Erectile dysfunction (ED, impotence) is a subject that is difficult to research because of its personal nature. Very few good studies are available regarding the question as to how common it would be among older men.
A team of medical experts under Dr. Constance G. Bacon from the Harvard School of Public Health and other institutions have investigated this problem in men older than 50 years and published the results in the August 5, 2003 issue of the Annals of Internal Medicine.

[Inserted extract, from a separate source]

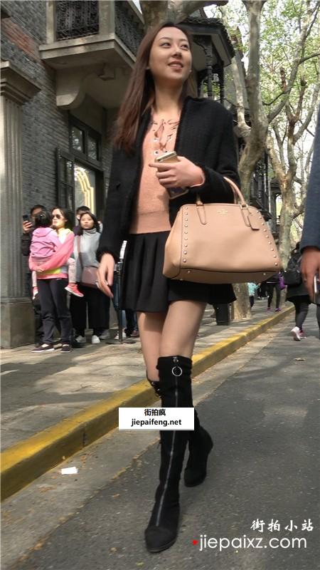 4k-黑色短裙长筒靴粉衣甜美街拍美女 [1.78 GB]

31,724 men aged 53 to 90 years were taking part in the Health Professionals Follow-up Study. Since 1986 they had been filling out detailed questionaires biennially. In 2000 detailed questions about sexual function were also included. Erectile dysfunction was defined as “having poor or very poor ability to have and maintain an erection sufficient for intercourse without treatment during the past 3 months”. The investigators found that about 1/3 of the men above the age of 50 had a sexual dysfunction. Such factors as orgasm, ability to have intercourse, sexual desire and overall sexual function were all affected more and more with every year after the age of 50. When this was further analyzed using multivariate analyses an interesting pattern of reasons for this emerged. The following factors were identified to be independent risk factors for the development of erectile dysfunction.
Each of the factors from this table is an independent risk factor and can be managed separately. For instance, the investigators found that a higher level of physical activity was associated with much less ED. The best group (men with no ED) was found among those who were always conscious about disease prevention and who had none of the conditions listed in this table or other chronic medical conditions. Leanness and physical activity were associated with good sexual functioning in this study.

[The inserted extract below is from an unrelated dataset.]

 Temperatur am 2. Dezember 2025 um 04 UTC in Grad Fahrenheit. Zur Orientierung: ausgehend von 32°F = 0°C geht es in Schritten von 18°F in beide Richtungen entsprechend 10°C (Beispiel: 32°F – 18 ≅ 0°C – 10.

|Risk factors leading to erectile dysfunction (ED)|
||aging likely affects the blood supply to the swelling bodies of the penis; it also clamps down on testosterone production of the testicles|
|smoking||accelerates aging and hardening of arteries|
|diabetes mellitus||affects circulation and nerve impulse transmission|
||interferes with brain centers of arousal|
|antidepressant medication||anticholinergic side-effect interferes with penile erection|
|beta-blocker medication||reduction of libido (likely at the brain level from sympathetic nerve block)|
|alcohol consumption||alcohol is a nerve poison that interferes with pudendus nerve function (lack of erections)|
|TV viewing time||due to prolonged sitting there is a chronic lack of exercise that leads to nerve conduction and circulatory problems resulting in ED|
This summary is based on a paper published in the medical journal of Annals of Internal Medicine 2003;139:161-168 by Dr. Constance G. Bacon and co-workers.